He then watched “The Immune System Explained I” from Kurzgesagt. And then part 2. He played more piano and I glued the chipped corner piece of the board that goes where your feet are. Not really visible, but I figured it would be nice to fix it a bit before putting the board back on.

He then had Brother and Sister games where Synth (the character was interacting with Ms. Safe and the class. He then hid in the blanket and turned the AC on low while I made lunch. We ate a tuna melt and chocolate milk for lunch. Then he had crackers and peanut butter.

We drove to piano as he talked about a Minecraft Sister and Myna game. It was rainy, so not a play in the park sort of day. We parked right close to Dalit’s house and went in.

He had memorized the “Bluebird” piece, then sight read “First Serenade”. He noticed the clock making a ticking sound and used it as a metronome. He did a pretty good job with it, but it oddly turned into a 4/4 piece once he started playing with the metronome. She tried to correct him, but only showed him once by playing it on a lower octave. So I wasn’t impressed by that. When they were done, she was actually most concerned that he was mixing up the left and right hand. Which to be honest I’m not sure how he was doing that. Maybe he was reaching down with his right thumb to hit some notes.

She let him play around a bit until he said he was ready for a new piece. He took a couple minutes and then said he was read for a new piece. This piece had an F sharp in it and they talked about the different names of it and of the rests. They worked through that, then she asked if they had 45 minutes today. I said sure, and they worked through a second piece. It actually ended up being a little over 50 minutes. August did mention a couple times near the end that it felt really long (at one point he said it had been 5 hours) but he was still having fun. At the end we then scheduled next week, deciding to try a switch to Thursday, as she wanted earlier on Wednesday, but 1 is okay on Thursdays.

We then drove down to IKEA. We went and had ice cream first, then walked through the store. He was following the arrow and the feet on the ground. Our primary goals were a frame for the music poster and a cover for the light in his room. But he didn’t want a paper one, so I said not today (Carly had wanted a cheaper one, and I didn’t feel like carrying a big box, as I didn’t have a bag for our smaller stuff either). And the frames weren’t the right size. But we did come across seat cushions so we got green ones for the table. And I got a small set of drill bits and a snack bag of cashews at the end. As we stood in the long line at the end there was a problem with their speakers and it was making what we called “rhythmic static.”

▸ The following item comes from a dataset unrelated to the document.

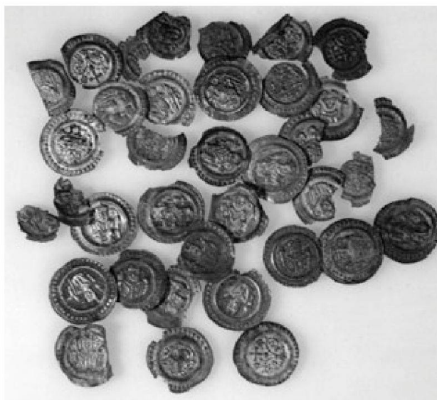
Abb. 1: 2004 wurde im Oberwilerwald bei Cham ZG ein Hort mit mindestens 46 Münzen des 13. Jahrhunderts entdeckt. Es handelt sich um Prägungen von Konstanz, Lindau, Ravensburg, Sigmaringen und St. Gallen, also um sogenannte Bodensee-Brakteaten. Diese waren bisher in der Zentralschweiz völlig unbekannt (vgl. IFS 9, 2009, S. 116–120).

Im zweiten Jahrzehnt konnten neben dem alljährlich erscheinenden Bulletin IFS ITMS

We then drove to Ace Hardware. The goal there was a rotary tool and tips and maybe some wood so I could start working on the replacement pieces for the piano hammers. Alas, they only had the tips for the rotary tools. So nothing there. Although we did buy one clamp, since we don’t have any. I thought my glue job wasn’t holding on the board, but when we got home it was actually okay, so didn’t even need that, although it will be useful in the future.

On the way out to the car it was raining quite a bit. August handled it okay and I had the umbrella, but I picked him up to carrying him over the big puddle that was the parking lot. He fell asleep on the way home, and it was raining pretty hard when we got here so I let him sleep for a few minutes, about 20 in total, then I took him in.

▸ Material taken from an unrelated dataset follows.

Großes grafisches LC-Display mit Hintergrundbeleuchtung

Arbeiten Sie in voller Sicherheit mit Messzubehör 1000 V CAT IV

We played Minecraft, then watched a “History of Humans in Minecraft video.” We started part 2. BCE was a word of the day. Carly called, and I asked if she wanted a ride. She did, so we paused and headed out to pick her up. Of course, it stopped on the way there, and Carly decided to walk a bit and got about a block before we picked her up.

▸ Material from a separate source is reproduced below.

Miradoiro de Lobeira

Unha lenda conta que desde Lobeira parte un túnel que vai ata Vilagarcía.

At home I started to put up the new set of hooks for a coatrack that someone had given her at work. I managed to get the middle screw drilled in deep enough, but just could not get any of the other 4 holes that deep. Don’t know what I’m hitting in the wall. So we’ll have to go get shorter screws as these are really long.

They did math, doing some Khan Academy and graphing, then read more of Astrophysics for Kids in a Hurry. He was being silly and under the blanket. When Carly didn’t want him climbing on her he said, “I’ll just wander around the couch aimlessly.”

She went up for a shower and I read How To. He was then a poisonous spider biting astronauts, etc. Then in Rivet he read two or three books to me. Has clearly made progress in his reading although we haven’t practiced much, as he was reading most words and quite fluidly. He ate more dinner, then had sweet potato and zucchini.

Carly got him upstairs with candy and washed his har and read to him. I took him in to bed and we listened to two Circle Rounds: “The Lute Player” and “The Rooster in the Sky” again. He was pretty hyper. We did a meditation, then listened to Brian Eno’s “Ali Click”. He was asleep at 10:35.

New synth sound:

Playing at piano lesson:

Reading to me:

Piano line:

Tuesday, February 18: me to Jerusalem

One more day of Carly home on the short vacation. He was up at 7 as I was hurrying to get going. Only eight hours of sleep. When he went down Carly was listening to something on executive functioning and he listened along. In Minecraft she was trying to play in survival while he was in creative. He was trying to give her stuff to make it easier, and gave her a bunch of sand, saying, “It would make a darn lot of glass.”

I got driving to Jerusalem. The drive was about what I expected. Our meeting went fine, although Marc had warned me Omar was in a contrarian attitude, and he was. He had finally some of the material I had finished more than 6 months ago. Mostly went fine, although difficult to remember sources/etc. when so removed from the writing. Also, he was very contrarian/contradictory on the material on nonviolence. But he’s been doing some of the same with Marc and the antisemitism document.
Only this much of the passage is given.